14 The significance of the process to which I have referred is I think
made clear by the evidence given by Mr Carija, the solicitor who was instructed to prepare the will. He first interviewed Mr Pheasant on 27 August 2000. He received instructions at that time which resulted in a draft which he then sent to Mr Pheasant and he followed that up on 31 August with a second interview where changes were made and discussion occurred in what seems to be to be ordinary and lucid terms. He noted the changes which were required; he prepared a second draft and sent that.

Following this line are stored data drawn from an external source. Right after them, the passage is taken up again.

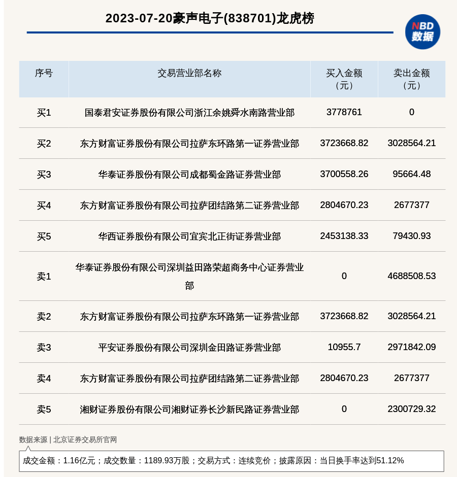 2023年7月20日,北交所上市公司豪声电子(838701,收盘价:9.96元)登上龙虎榜,交易方式是连续竞价,披露原因是当日换手率达到51.12%,成交数量1189.93万股,成交金额1.16亿元。买一席位为国泰君安证券股份有限公司浙江余姚舜水南路营业部,买入377.88万元;卖一席位为华泰证券股份有限公司深圳益田路荣超商务中心证券营业部,卖出468.85万元。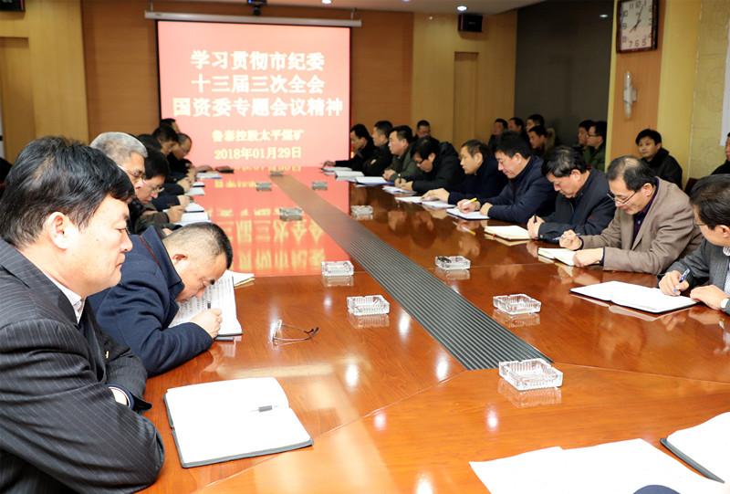 1月29日上午,太平煤矿在三楼会议室召开班组中心组扩大学习会议,学习贯彻市纪委十三届三次全会及国资委专题会议精神。矿党政负责人汤保民主持会议并做重要讲话。矿中层以上领导干部参加会议。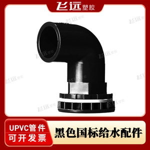 黑色PVC弯头给水管三通接头直接通周转箱鱼缸上下水底滤排水配件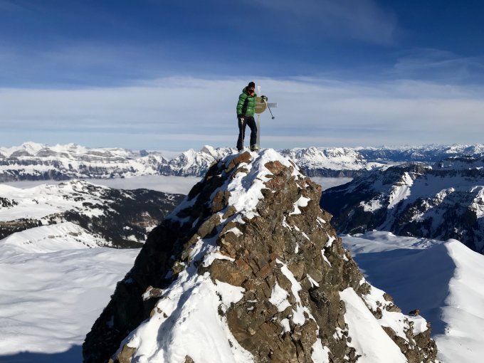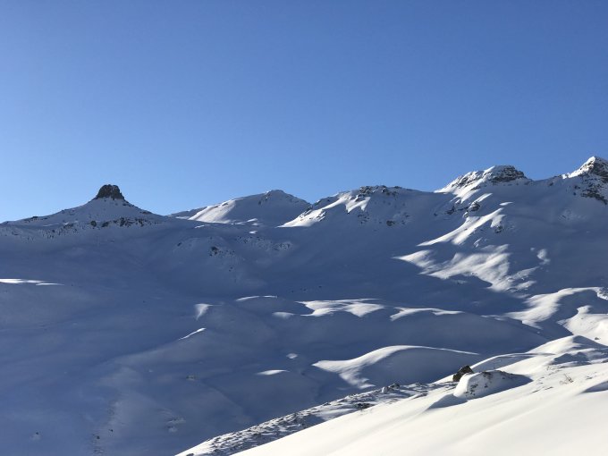 Wunderschöner Tag, frischer Pulver auf altem Deckel, zum Teil abgeblasen, Triebschneeansammlungen usw., zum Teil auch eisig gefroren (vom vormaligen Regen?), am Kamm starker Wind, Rinne auf den Spitzmeilen perfekt eingeschneit, sehr schön zu gehen, Abfahrt na ja.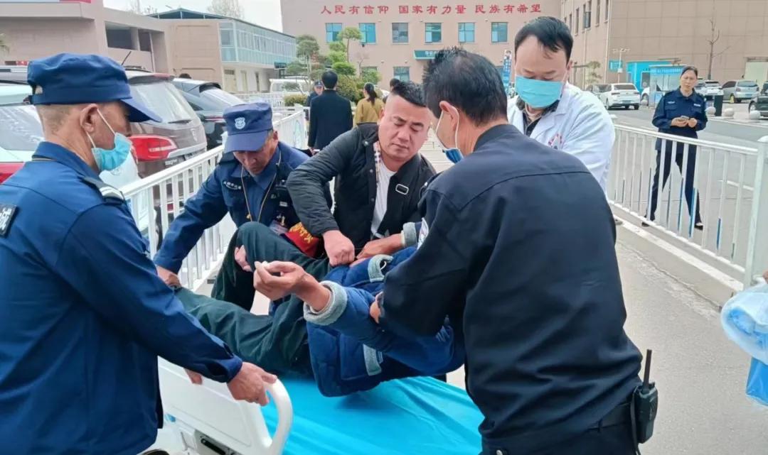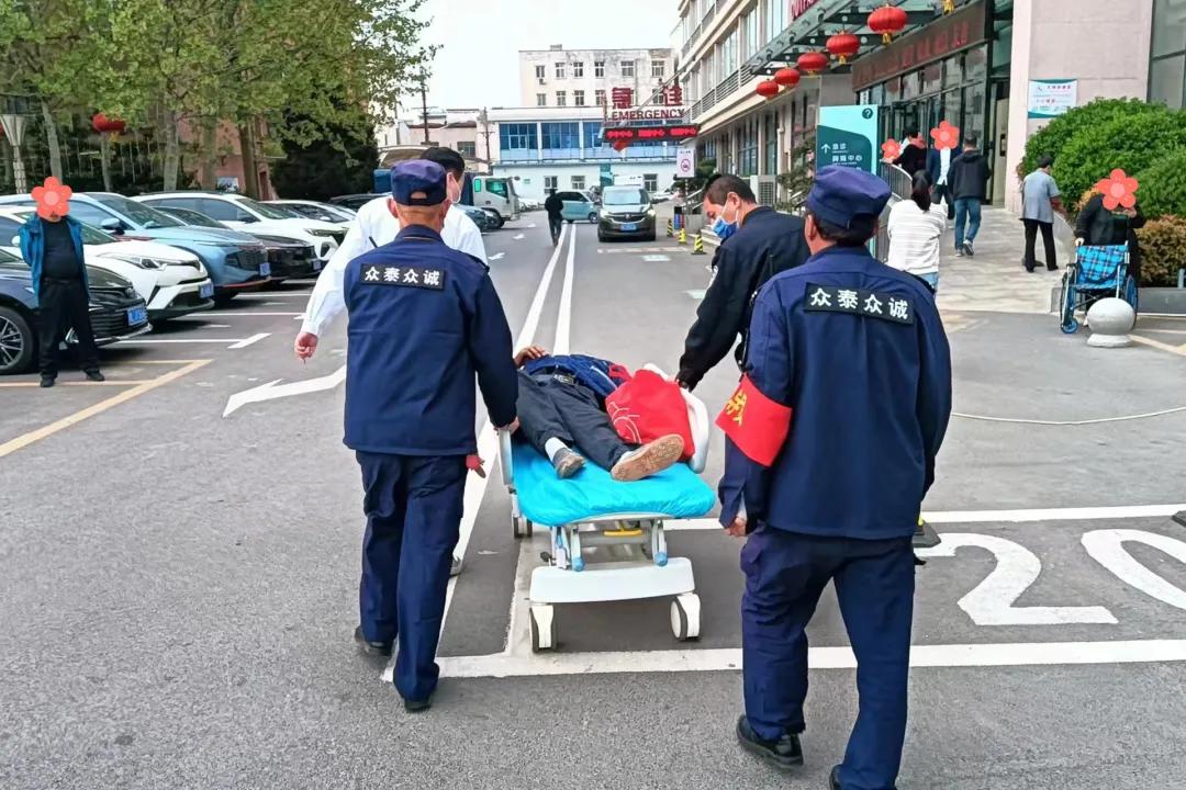 班長王收首先利用醫(yī)院保衛(wèi)科“點對點”的安保設置,通知急診醫(yī)學科駐點的安保人員,及時與急診醫(yī)務人員取得聯(lián)系;同時,安保隊員李文超等人迅速趕到,幫助急診科住院醫(yī)師王英杰一起,將平車推往現(xiàn)場;聞訊趕來的賈俊杰隊長冷靜指揮,多名隊員合力將患者搬上了平車,并迅速轉(zhuǎn)移至急診搶救室。

15 On 4 September he had a further interview with Mr Pheasant, as a
result of which again the process of taking instructions was repeated. A third draft was prepared and sent. As I say, that was the day before the deceased was apparently assessed by Dr Dean and Mr Carija's observations, I think, are of persuasive force in relation to the satisfactory circumstances of the interview on 4 September from the point of view of testamentary capacity of the deceased.
16 There was a further interview on 9 September. Mr Carija thought the
deceased appeared depressed, but Mr Pheasant focused his mind upon his concerns in relation to this draft, made changes and a final draft was prepared. Mr Carija returned on the following day, 10 September, with that document and went through a process which seems to me to be, in the circumstances, entirely satisfactory. His evidence about that is confirmed by the second attesting witness, Mrs Champion, Mr Carija being the first witness who was to attest the will.
[2001] WASC 364
MURRAY J
17 Mr Carija read the document over to the deceased in its entirety. He
paused from time to time and he asked for agreement as to the accuracy of the content of the will, in other words, as to whether it accurately reflected the instructions which the deceased had given, and as to whether the deceased understood the effect of what was being done. He received affirmation, either orally or by affirmative nods, that that was the case as he proceeded with the process of reading the will.

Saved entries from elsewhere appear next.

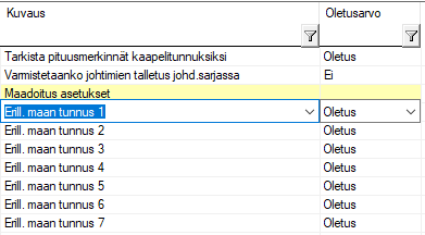 Maadoituksen asetusten kautta käyttäjä voi määrittää tunnukset 20:lle maadoituspisteen tunnukselle. Oletusarvoisesti ohjelma tulkitsee pienellä m-kirjaimella ja isoilla GND-kirjaimilla alkavat laitetunnukset maadoituspisteiksi.
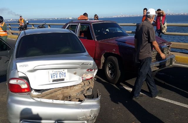 La mañana de este martes un choque entre dos vehículos modelos Accent y Conquistador paralizó el transito en el Puente General Rafael Urdaneta de Maracaibo sentido hacia la Costa Oriental del Lago.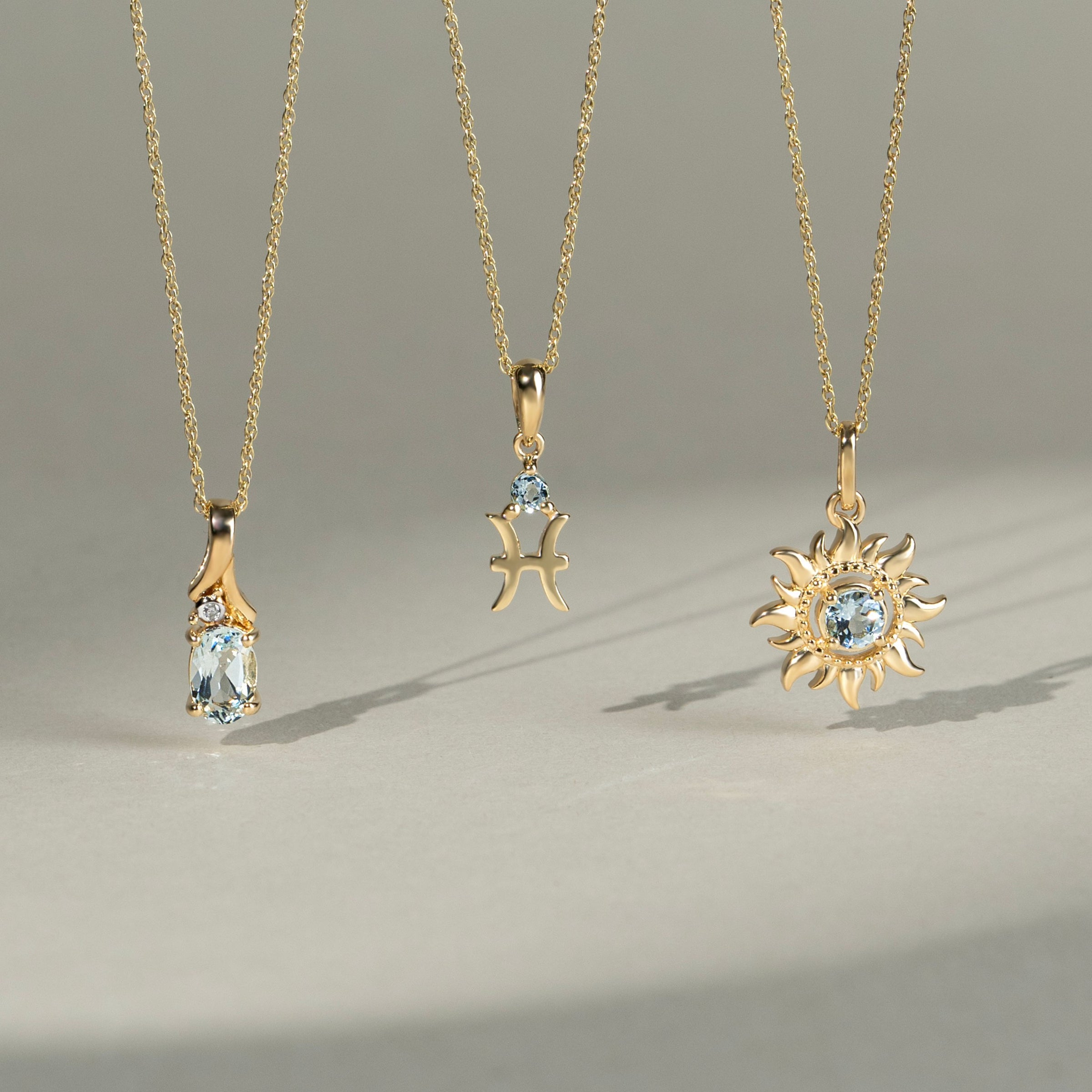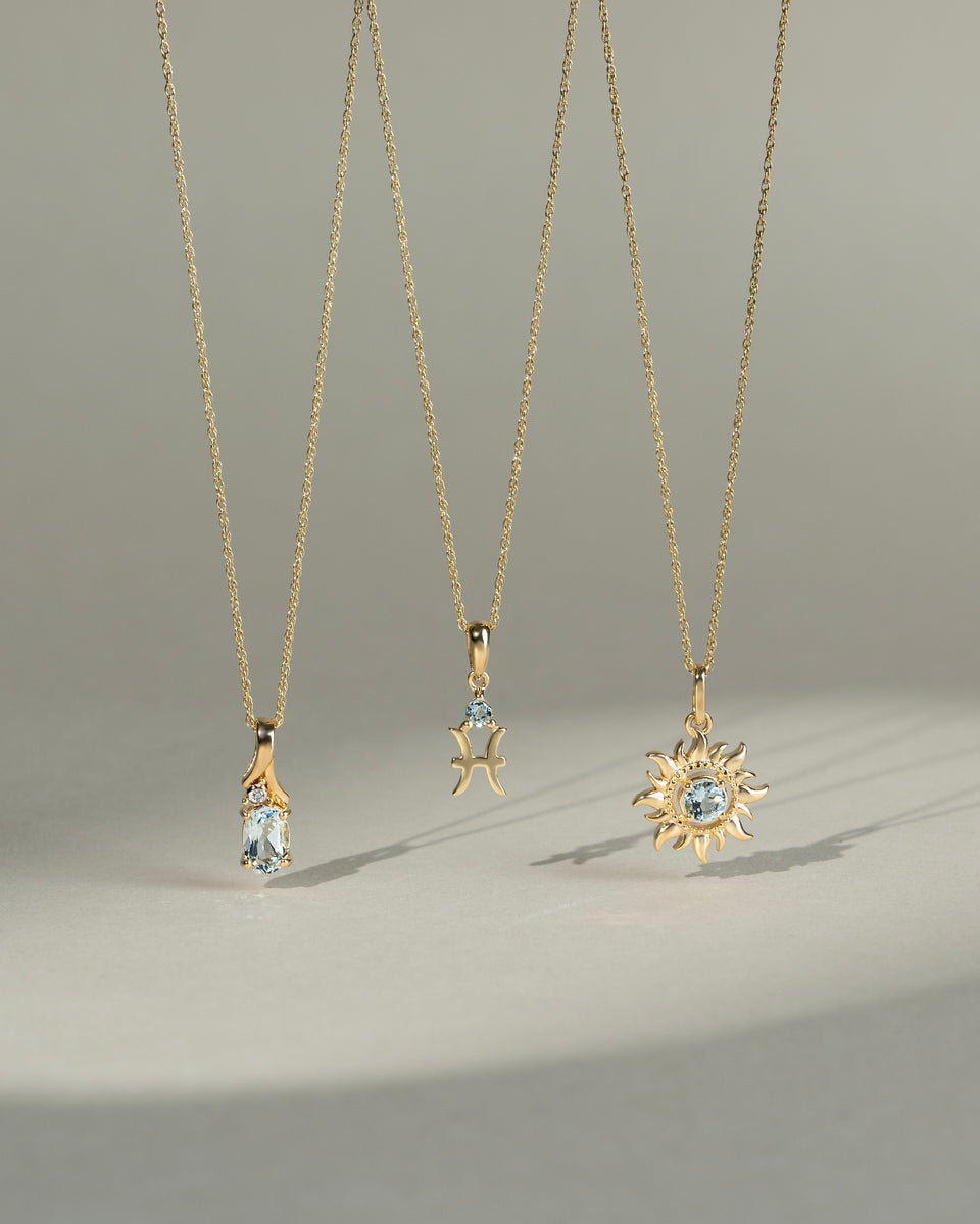 Inspired by the fascination with mother nature. The birthstone pendant collection, featuring a sun and beautiful gemstone.

18 Only upon the conclusion of that process, part of which was
witnessed by Mrs Champion, was the process of executing the will undertaken. It was executed in appropriate and correct legal terms. It was dated 10 September 2000. Mr Pheasant signed it, completely willingly, on each page. Mr Carija then performed the task of signing each page and entered his particulars under the attestation clause. Mrs Champion followed suit.
19 Mrs Champion, it should be said, as in the case of Mr Carija, has no
interest in the estate, no knowledge of or friendship with any person who is by that document a beneficiary of the estate and no interest in giving testimony which was other than clear and accurate.

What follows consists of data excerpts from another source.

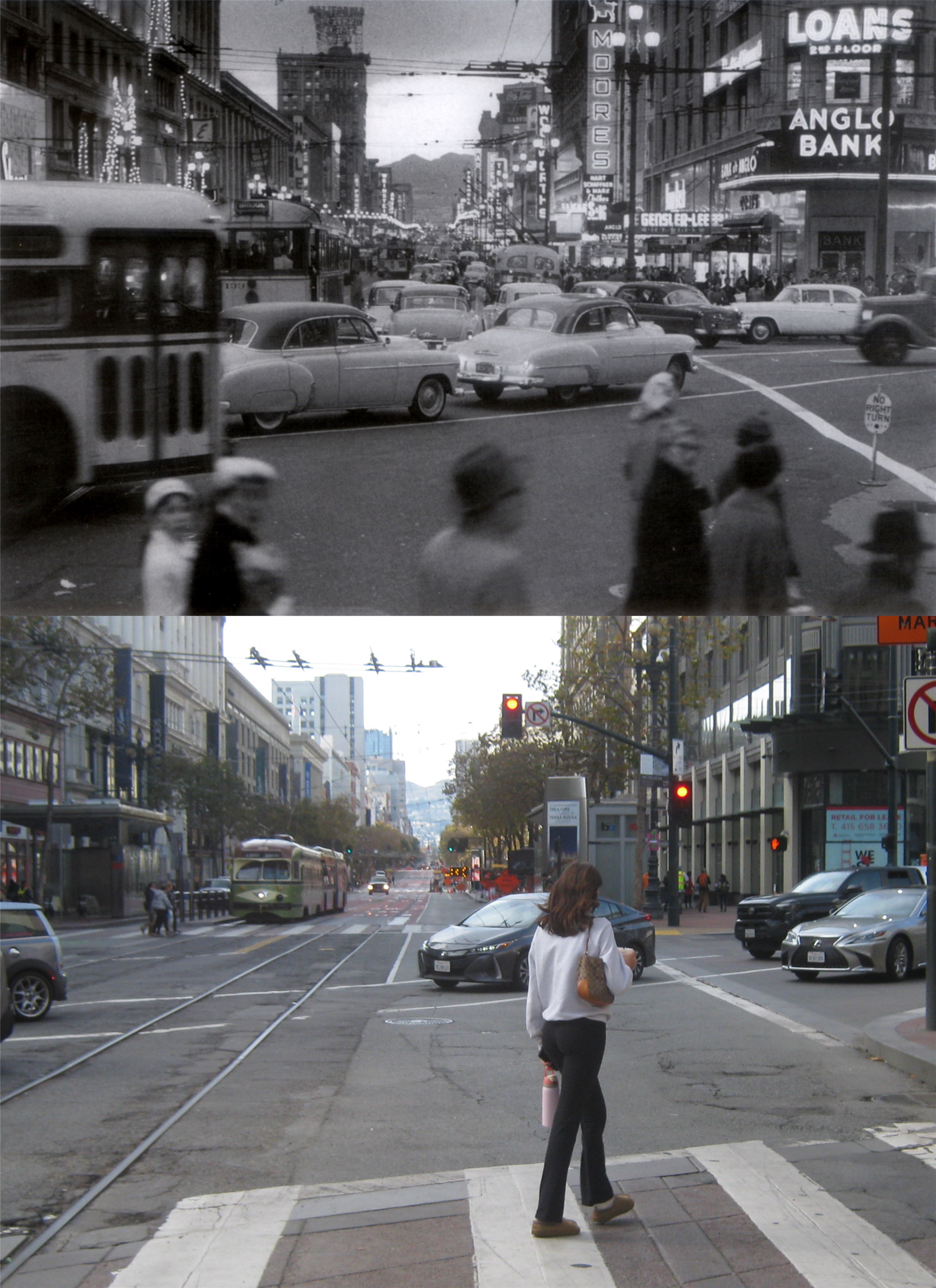 Traffic crossing Market Street from 4th Street to Stockton in the 1950s: Traffic runs only north to south from Stockton to 4th Street now.
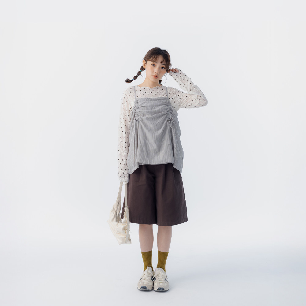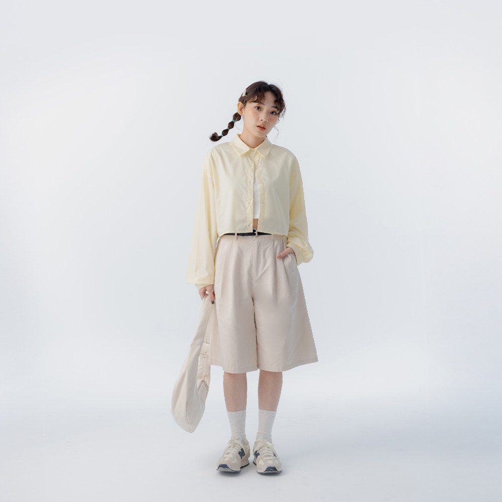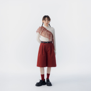 简约素面斜纹五分裤 女装 附皮带04102034 2026春夏新品 QUEENSHOP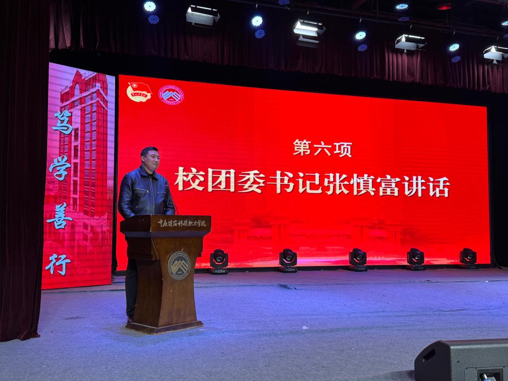 校团委书记张慎富向新团员致以热烈祝贺并寄语。他强调,加入共青团是青年政治生活的重要里程碑,新团员要深刻认识团员身份的政治内涵,牢记共青团作为党的助手和后备军的根本定位。他提出三点要求:一是筑牢政治忠诚,坚定理想信念,深入学习党的创新理论,始终与党中央保持高度一致;二是勤学善思笃行,立足专业深耕细研,夯实理论基础、强化实操能力,对接行业与国家战略需求;三是强化责任担当,主动投身校园治理、志愿服务等实践,在奉献中锤炼品德,展现建科学子良好风貌。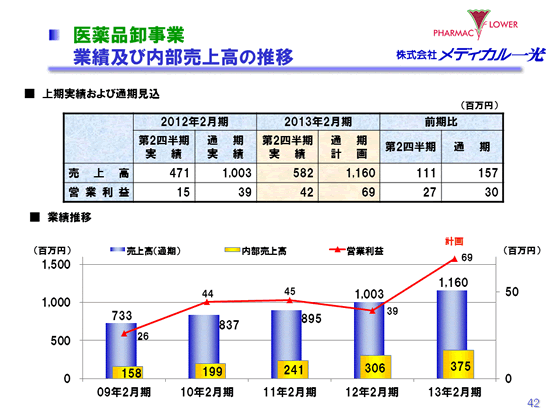 2013年2月期 第2四半期決算説明会 ヘルスケア事業 業績及び内部売上高の推移

The process of giving instructions for this will took place over a considerable period between 27 August 2000 and 9 September 2000. That enables the court to have the benefit of Mr Carija's evidence in relation to the way in which the deceased conducted himself over that period of time. The process of instruction was not completed, as has been seen, until shortly before the will itself was executed.
21 I am perfectly satisfied that testamentary capacity on the part of the
deceased has been established to a high degree of proof, both in relation to the process of giving instructions at times when that occurred and at the time of the final execution of the will. I would be prepared to make the orders sought in this case.